* **Data records**
——————————
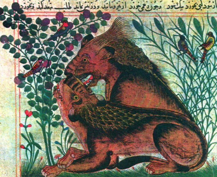 Arrivé dans la plaine, des scorpions géants, avec des serres d’oiseaux et des yeux étincelants, se précipitèrent sur lui. Mais le vieillard apparut à nouveau et lui ordonna de jeter son talisman à terre. Elle prit encore une fois les quatre couleurs et quand elle devint rouge, les scorpions s’attaquèrent l’un l’autre jusqu’à ce que mort s’ensuive.
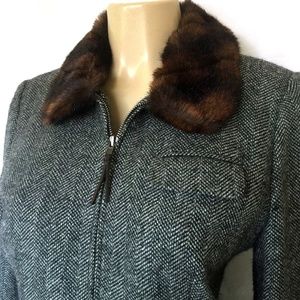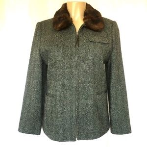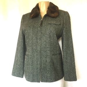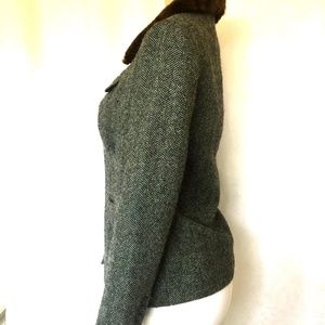 Ralph Lauren Fur Collar Blazer Jacket Gray Wool 8
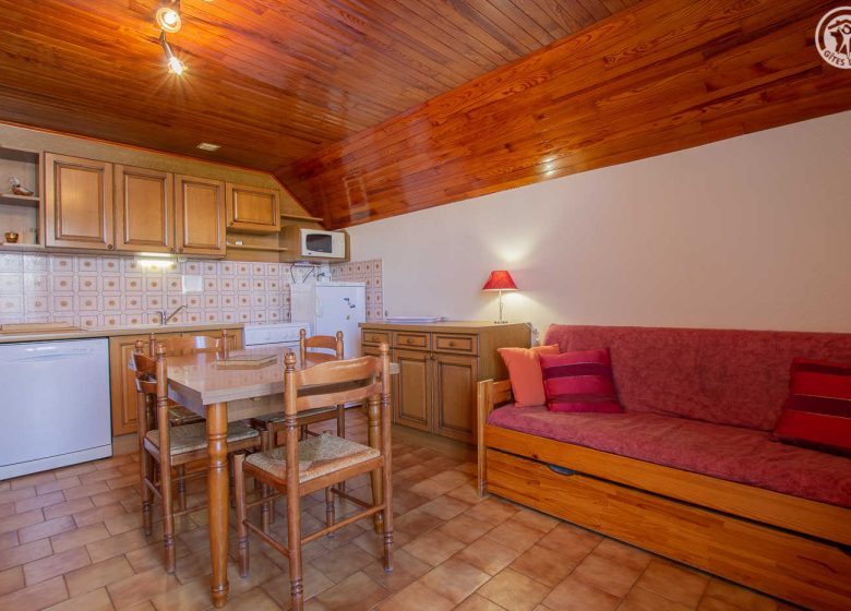 4 gîtes + 1 logement dans la maison du propriétaire. 2ème étage : séjour-cuisine coin salon (2 lits 1 personne gigognes), connexion Wifi, 1 chambre (1 lit 2 personnes, 2 lits 1 personne superposés), salle de bain (baignoire), lave-linge commun. Balcon. Cour + terrain communs. Ski Albiez à 200m, St Jean d'Arves/Les Sybelles 13 km, St Sorlin d'Arves 15 km.
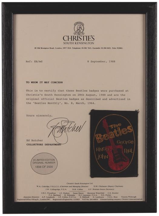 Accompanied by a delightful provenance letter from the original recipient, which reads, in part: “‘Oh look, there’s the Beatles,’ someone said as I got off the train at Liverpool Lime Street Station one Saturday afternoon in 1963 – I now can’t remember the month, but it probably was March or early April. I had been doing some overtime at the accounts department of the local electricity board…and as had been usual practice with my work colleagues, when we finished work, we caught the train to Liverpool to do some shopping.
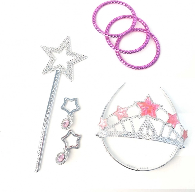 Deze prinsessenset met accessoires is een perfecte keuze voor alle kleine liefhebbers van sprookjes. Dankzij de combinatie van een kroon, oorbellen en armbanden verandert elk spel moeiteloos in een koninklijk avontuur.
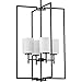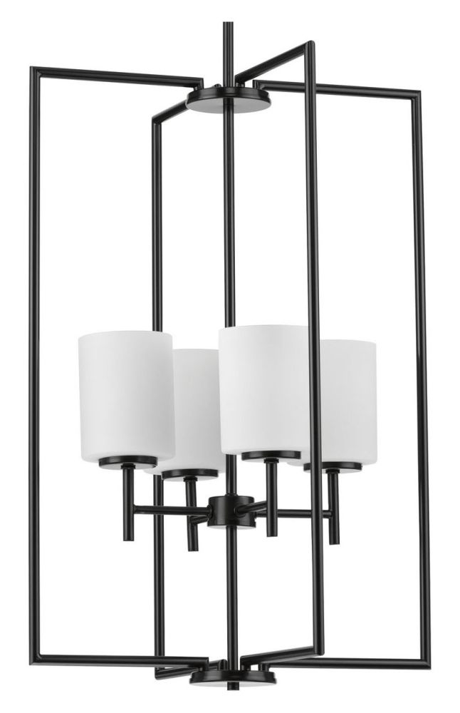 - Four-light pendant with a rectangular silhouette extending above and below the etched-glass shades makes a strong, modern statement
——————————
* **Exercise**
With the images removed, write out all of the material above exactly.

* **Written solution**
 Arrivé dans la plaine, des scorpions géants, avec des serres d’oiseaux et des yeux étincelants, se précipitèrent sur lui. Mais le vieillard apparut à nouveau et lui ordonna de jeter son talisman à terre. Elle prit encore une fois les quatre couleurs et quand elle devint rouge, les scorpions s’attaquèrent l’un l’autre jusqu’à ce que mort s’ensuive.
 Ralph Lauren Fur Collar Blazer Jacket Gray Wool 8
 4 gîtes + 1 logement dans la maison du propriétaire. 2ème étage : séjour-cuisine coin salon (2 lits 1 personne gigognes), connexion Wifi, 1 chambre (1 lit 2 personnes, 2 lits 1 personne superposés), salle de bain (baignoire), lave-linge commun. Balcon. Cour + terrain communs. Ski Albiez à 200m, St Jean d'Arves/Les Sybelles 13 km, St Sorlin d'Arves 15 km.
 Accompanied by a delightful provenance letter from the original recipient, which reads, in part: “‘Oh look, there’s the Beatles,’ someone said as I got off the train at Liverpool Lime Street Station one Saturday afternoon in 1963 – I now can’t remember the month, but it probably was March or early April. I had been doing some overtime at the accounts department of the local electricity board…and as had been usual practice with my work colleagues, when we finished work, we caught the train to Liverpool to do some shopping.
 Deze prinsessenset met accessoires is een perfecte keuze voor alle kleine liefhebbers van sprookjes. Dankzij de combinatie van een kroon, oorbellen en armbanden verandert elk spel moeiteloos in een koninklijk avontuur.
 - Four-light pendant with a rectangular silhouette extending above and below the etched-glass shades makes a strong, modern statement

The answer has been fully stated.